I have written code to input text into the program.我已经编写了将文本输入到程序中的代码。 Here's the function I'm trying:这是我正在尝试的功能:

def gen_bigrams(text):
    token = nltk.word_tokenize(review)
    bigrams = ngrams(token, 2)
    #print Counter(bigrams)
    bigram_list = ""
    for x in range(0, len(bigrams)):
        words = bigrams[x]
        bigram_list = bigram_list + words[0]+ " " + words[1]+"-->"
    return bigram_list

The error I'm getting is...我得到的错误是...

for x in range(0, len(bigrams)):

TypeError: object of type 'generator' has no len()
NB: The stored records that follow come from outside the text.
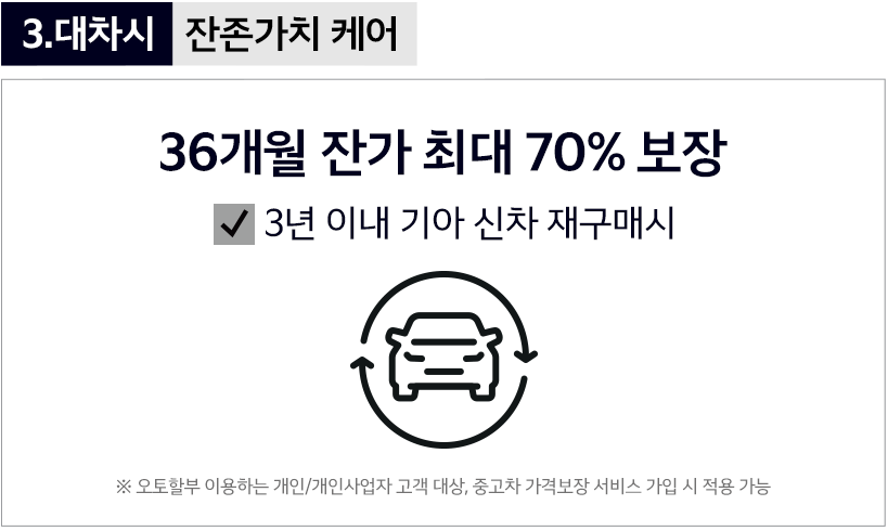 - 잔존가치 케어: 최대 70%까지의 잔존가치를 보장하는 프로그램으로, 일정 기간 내 차량을 반납할 경우 높은 가치를 인정받을 수 있습니다.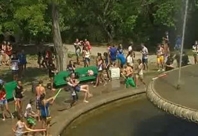 В ход идет все, что может стрелять – водные пистолеты, насосы и пластиковые бутылки. Веселью и радости фонтанных купальщиков нет предела. Хотя недовольные водным развлечением все же нашлись.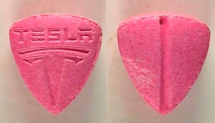 "Het betreft donkerroze, driehoekvormige pillen met een Tesla-logo. Na analyse bleken deze pillen geen 2C-B, maar het langwerkende tripmiddel DOC te bevatten. Vervolgonderzoek heeft uitgewezen dat het om een zeer hoge dosis gaat."
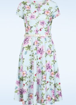Topvintage Exclusive ~ Rosa floral swing jurk in lichtblauw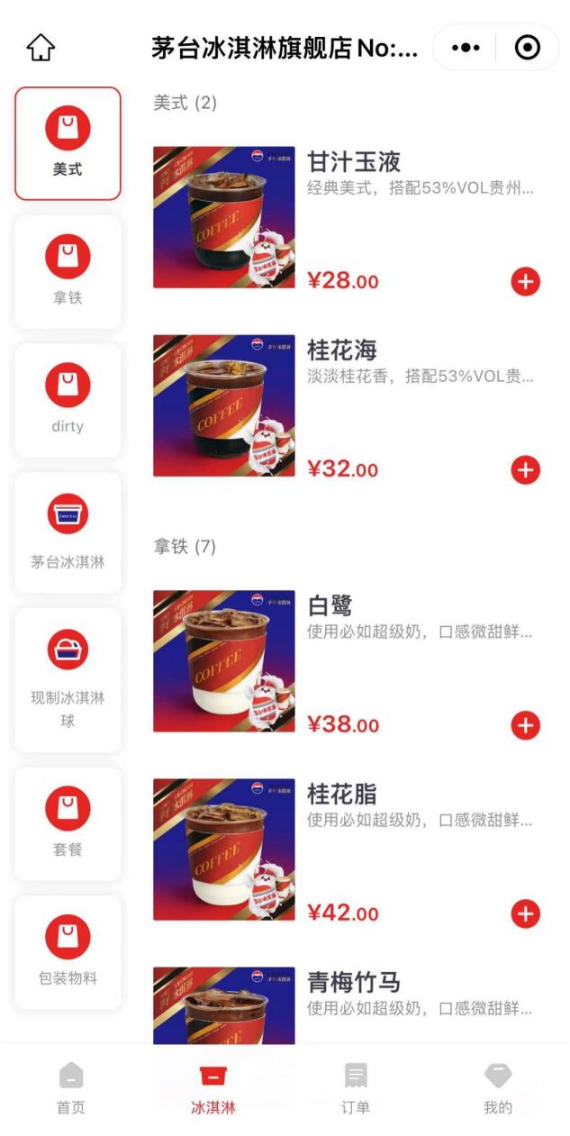 比如,茅台此前推出了冰淇淋,其中的经典原味款,小程序售价66元一杯;同时,其在三个月前,还在茅台冰淇淋小程序,上线了咖啡类产品,其中最便宜的“甘汁玉液”,售价28元一杯。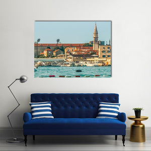 This canvas art captures a coastal town scene in Montenegro, featuring charming red-tiled roofs and a serene harbor. With its sunny and peaceful vibe, it adds a touch of vacation energy to any space.

As the ngrams function returns a generator, I tried using len(list(bigrams)) but it returns 0 value, so I'm getting the same error.由于ngrams函数返回一个生成器,我尝试使用len(list(bigrams))但它返回 0 值,所以我得到了同样的错误。 I have referred to other questions on StackExchange but I am still not getting around how to resolve this.我已经提到了 StackExchange 上的其他问题,但我仍然没有解决如何解决这个问题。 I am stuck at this error.我被这个错误困住了。 Any workaround, suggestion?任何解决方法,建议?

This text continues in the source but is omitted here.